Some time ago, I picked up the original scroll version of Jack Kerouac’s On the Road, “the legendary first draft – rougher, wilder, and racier than the 1957 edition,” as the front cover states. I’d like to say that I bought this particular edition because I wanted to glimpse the raw creative, literary genius of The Beat King. Truth be told, I was struggling to keep my one-year-old from pulling books off every shelf she could reach, so I quickly grabbed the first one I found that looked like the cheaper, paperback version.

The first hundred pages or so of this edition consists of introductory essays by academics. One essay by Penny Vlagopoulos, however, got my attention and actually convinced me to bypass the other essays and jump into the novel itself.

Here’s one quote from Vlagopoulos that I got particularly excited about:

“[Kerouac] understood how the radical potential of art becomes sanitized in shadow versions that distill the critiques behind the original creative articulations. . . Kerouac refused the rigidity and reductiveness of categories. On the Road asks that people find the beauty in failed journeys, in the discovery of personal excess, in feeling the sting of limits, but these are the boundaries around which humanness is constructed. Labels, on the other hand, can sometimes evacuate the presence of that which they attempt to contain.” (emphasis mine)

I find so many parallels here with current discussions in modern Christianity. Many leaders engaged in the battle for a proper definition of terms such as “missional” or “postmodern” or even “Evangelical” would do well to be reminded of that last statement about labels.

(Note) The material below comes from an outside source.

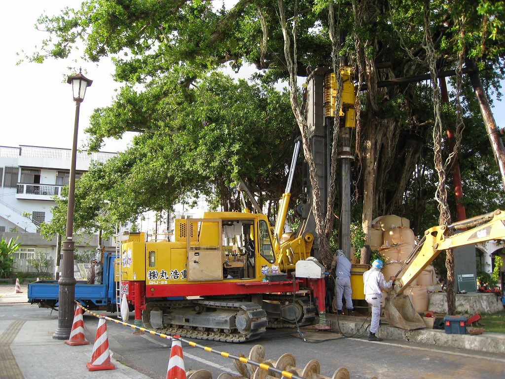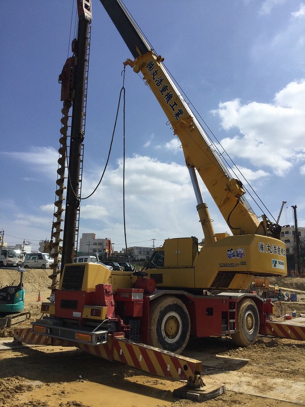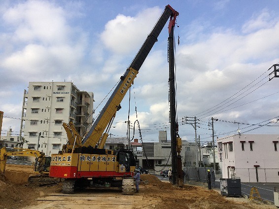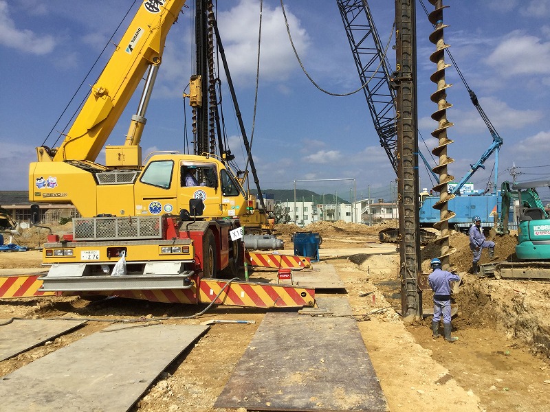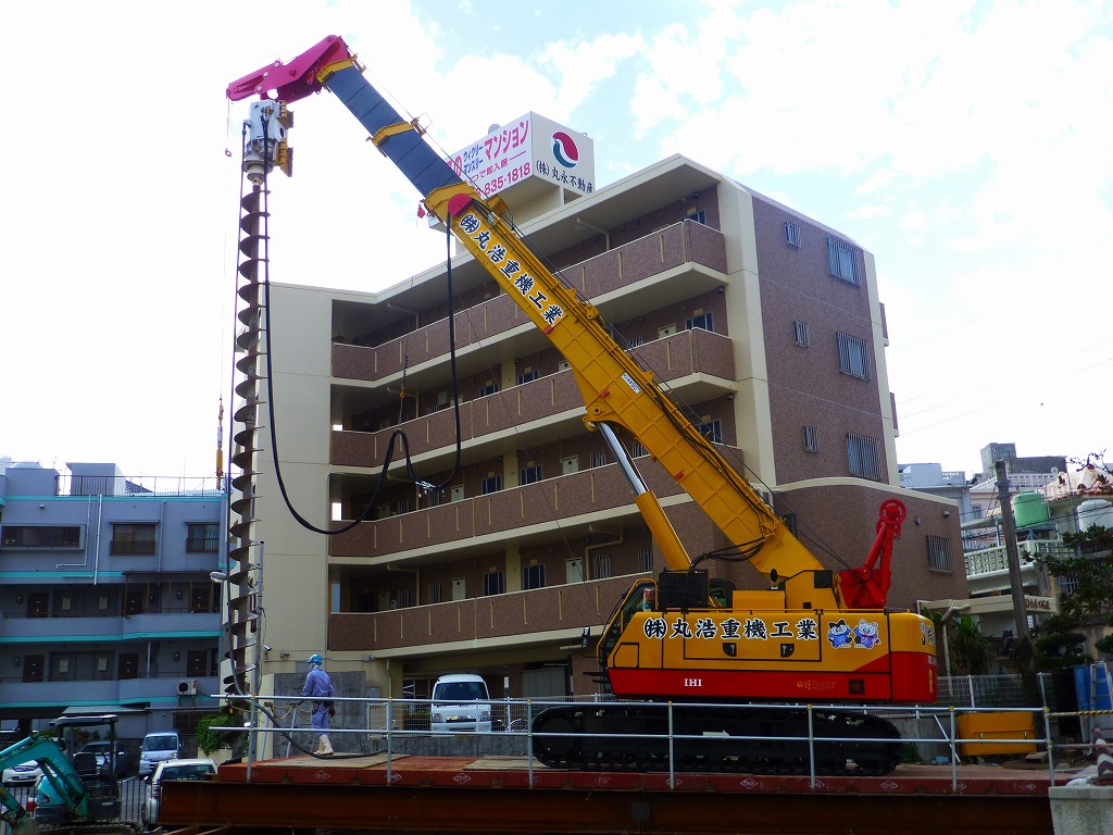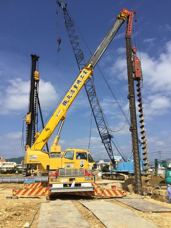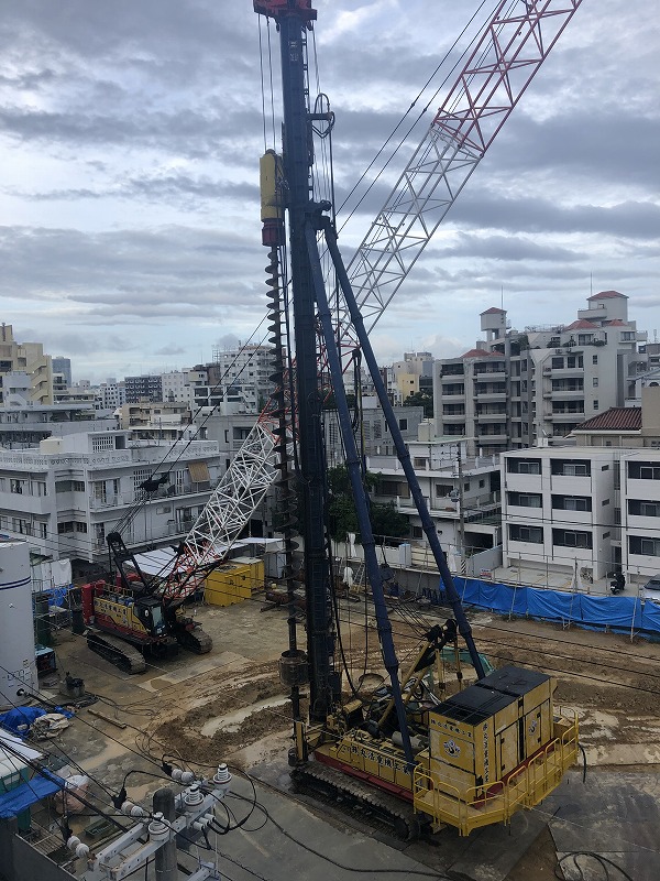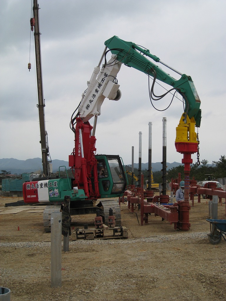 岩盤掘削工事、抑止杭工事、PHCパイル工事 ドーナツオーガー掘削工事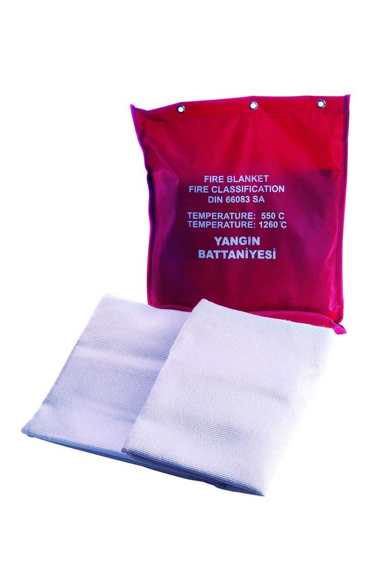 • Yangın başlangıcında alevin üzerine atılarak söndürülmesinde, yangında mahsur kalan insanların sarınarak yangın ortamından uzaklaştırılmasında ve yangından kurtarılması gereken ekipman ve malzemelerin tahliyesinde kullanılmak üzere tasarlanmış ve üretilmiş yangın battaniyesi.

Beyond the labels being debated within the shrinking circles of Christian subculture, the persistent use of the term “faith-based” gets very problematic, often in ways that bring unnecessary limitations to the work of Christ-followers attempting to promote justice and social good in society.

It begs the question(s) for those of us trying to be on mission with God outside of church programs: Is it necessary to label our efforts “faith-based” in order to stay true to our missionary calling in society? Or can we move ahead in our efforts to promote the transformational ways of the Kingdom in substance but drop the label?

Funny enough, in the U.S. this only seems to be an issue that confronts Christians in the nonprofit sector. Christians who are business owners are (mostly) NOT expected to call their businesses “faith-based,” even if they’re serious about their missionary calling as Christ-followers.

So what say you? Is the “faith-based” label necessary? If not how can we continue to be faithful to our missionary calling as Christ-followers without it?